• Comments for December 1, 2015

    Yesterday, the 20DMF turned into a "Forced Buy" mode. This occurs when the averages cross up into a confirmed uptrend (9MA>20MA>50MA.) In general, profits from such a mode change have been limited.

    However, it is the first day of December, which has a strong positive bias. This is the only reason why yesterday I kept and even increased my long positions, even though the 20DMF itself was negative.



    I also detected that the MF in Biotech was negative, but I refused to act on that negative divergence, mainly because I wanted to be long at the close of yesterday.



    XLE was showing a strong positive divergence early in the day, but failed in the afternoon as oil pulled back again.

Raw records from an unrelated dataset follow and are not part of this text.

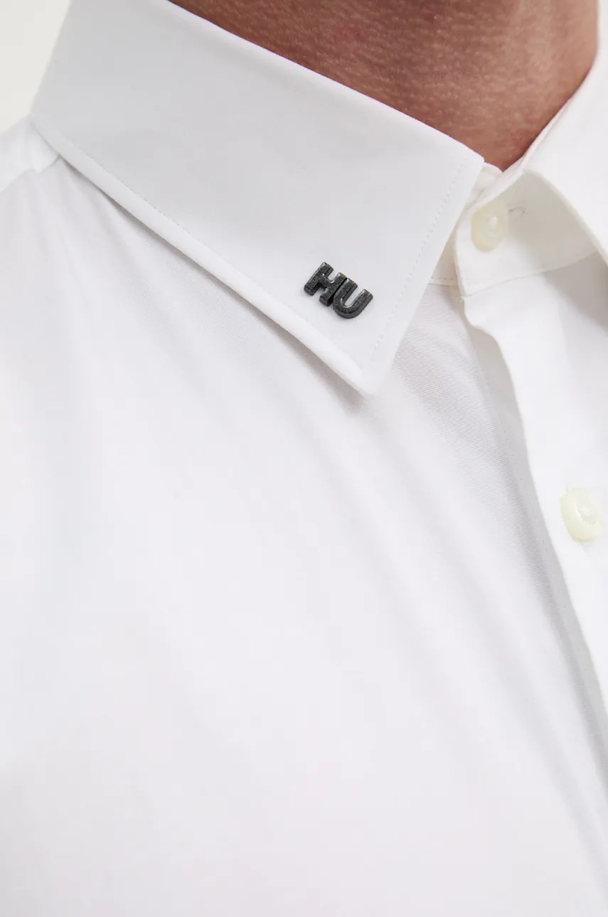 HUGO koszula męska kolor biały slim z kołnierzykiem klasycznym 50528474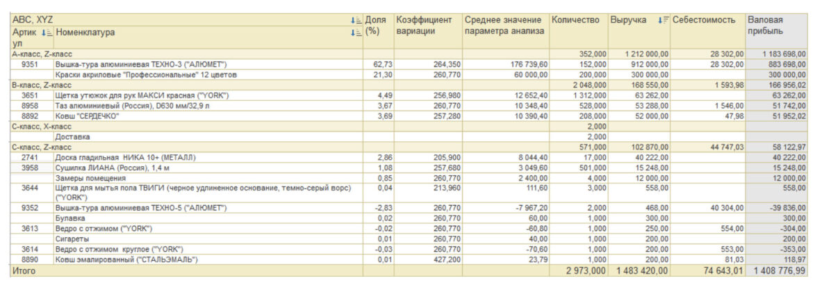 Еще один полезный инструмент — ABC-XYZ — отчет определяет, какие товары или клиенты прибыльные и стабильные. Например, можно вовремя избежать проблем со складом и освободить деньги, сократив долю «пылящихся» на полках товаров.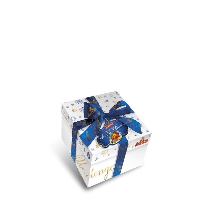 Χειροποίητο παραδοσιακό ιταλικό τσουρέκι με φρούτα και σταφίδες σε κουτί δώρου.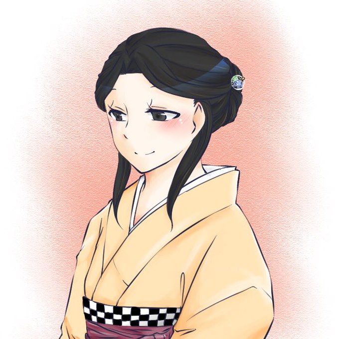 チトの浴衣描いてみたー 浴衣はピンクの雪輪模様にしてみた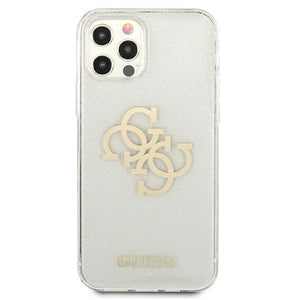 Guess GUHCP12LPCUGL4GTR iPhone 12 Pro Max 6.7" skaidrus kietas dėklas su blizgučiais ir dideliu logotipu 4G telefonui

    Looking at the 20D pattern of oil, we can see that oil is not attracting sellers anymore. We might have reached a bottom. I will be looking at increasing my energy positions, but timing is everything!

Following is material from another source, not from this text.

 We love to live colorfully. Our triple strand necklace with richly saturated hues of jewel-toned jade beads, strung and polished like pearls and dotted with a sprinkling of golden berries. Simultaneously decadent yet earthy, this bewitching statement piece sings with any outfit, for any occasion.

    When we look at the energy group, we can see that all the sectors had a positive Thrust, except for refiners. This does not mean that refiners will come down from here or that we should short them (they offer rather good P/E and most of them enjoy good margins.) This might be a sign that oil prices will increase - and therefore investors might anticipate that the refiners' margin will be lower in the coming months.



    Materials attracted money yesterday, together with the gold miners.

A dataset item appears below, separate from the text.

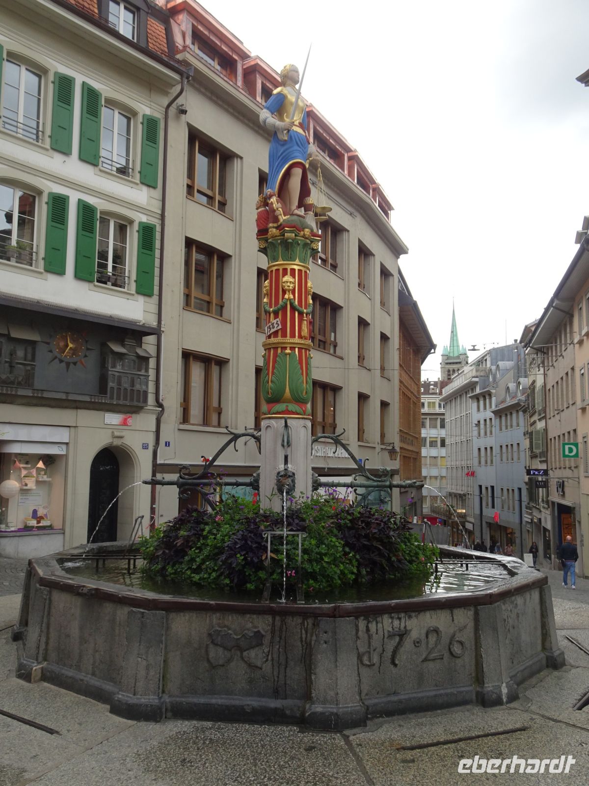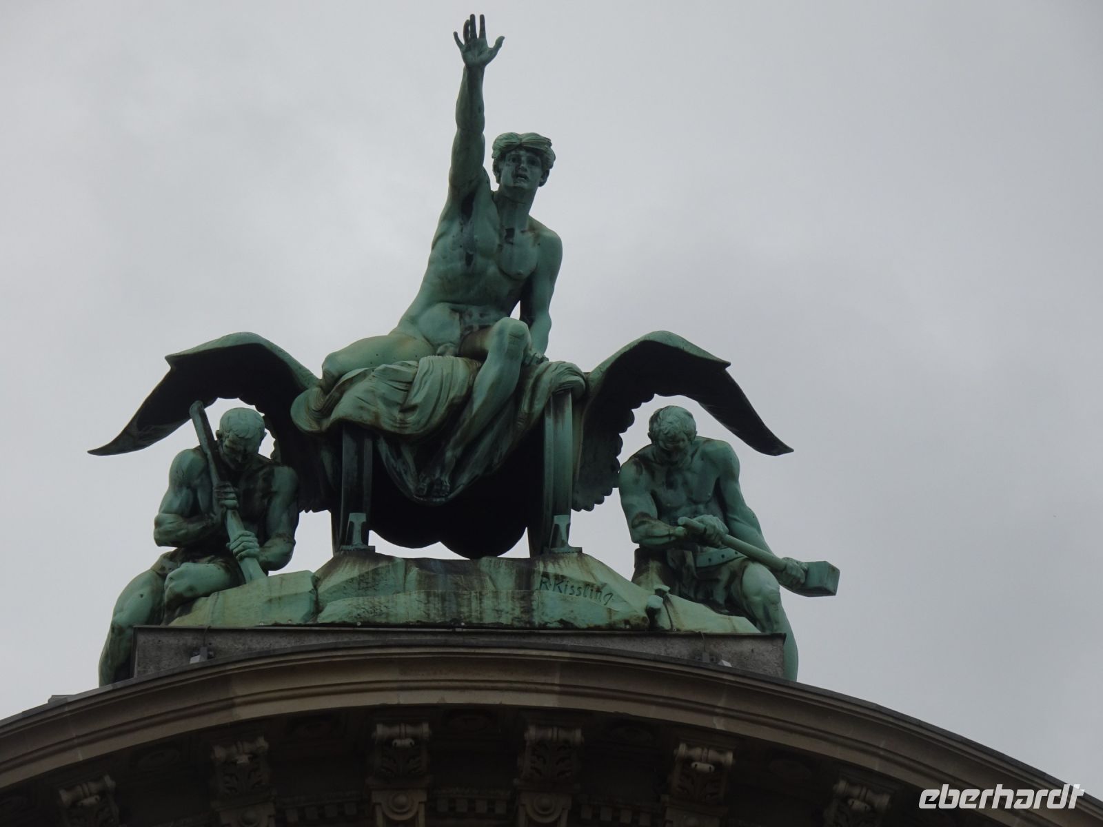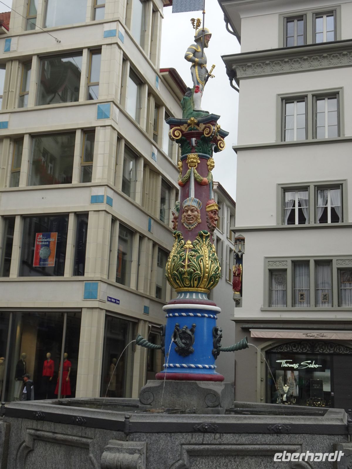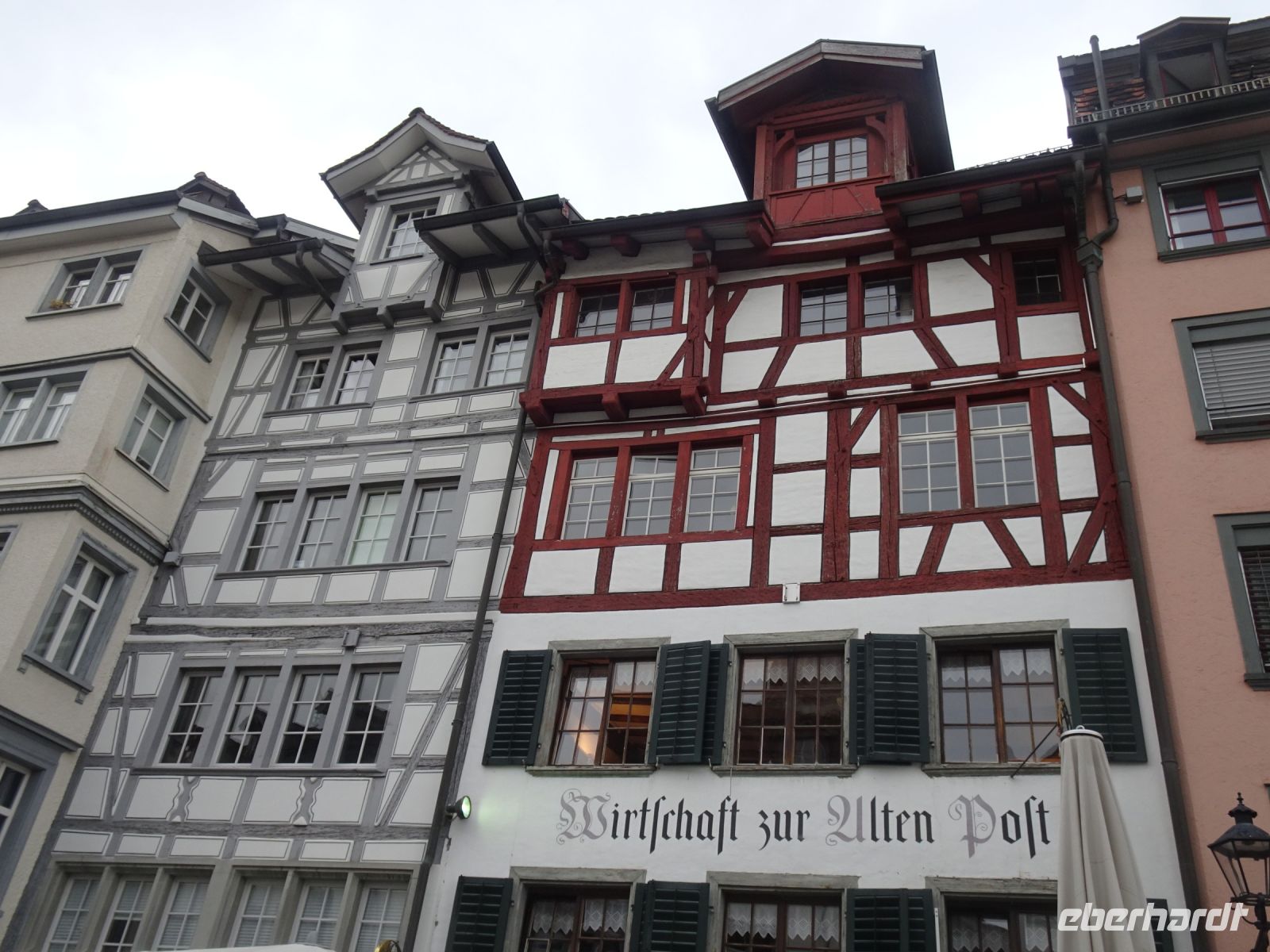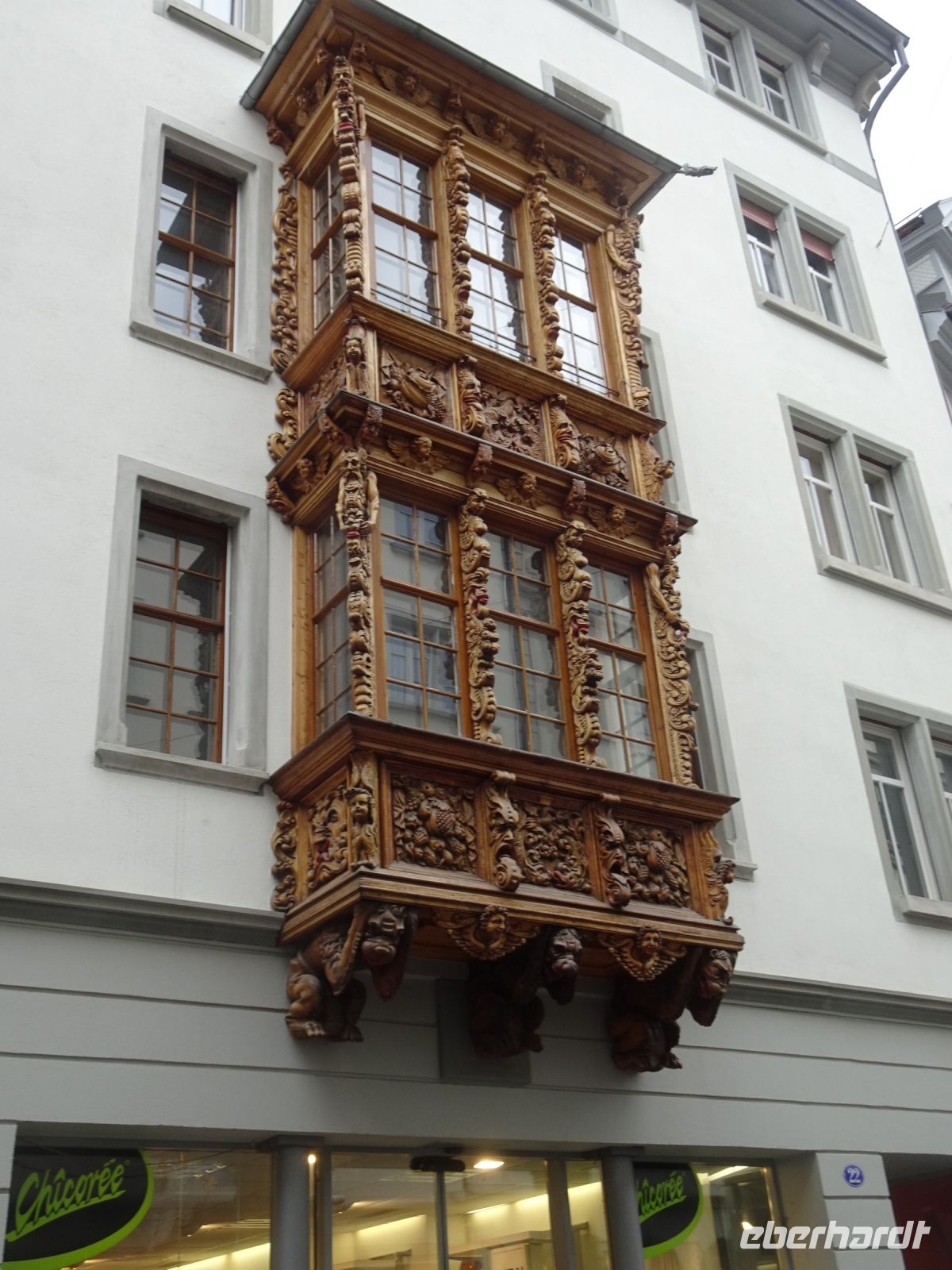 Durch den hochmodernen und in der historischen Substanz noch im Umbau befindlichen Bahnhof ging es am Denkmal von Alfred Escher vorbei in die Bahnhofsstraße. Mit geschlossenen Geschäften am heutigen Sonntag konnte man die Architektur dieser ersten Geschäftsstraße in der Schweiz noch besser genießen,

    Gold's bounce of yesterday looked impressive. I would not buy though.



    I would also like to point to the HACK MF, which was also positive yesterday.



    Conclusions:

    Seasonality tells us to stay long. However, buying materials or miners because the sector has fallen "enough" is not a good enough argument. Energy looks more attractive, but I still think that the "easiest" sectors to buy are related to tech, internet, software.

    The main issue is that large stocks such as AMZN, FB and GOOGL look weak and so does the Mammoth sector.



    I bought a position in LNKD yesterday. YHOO could also be interesting.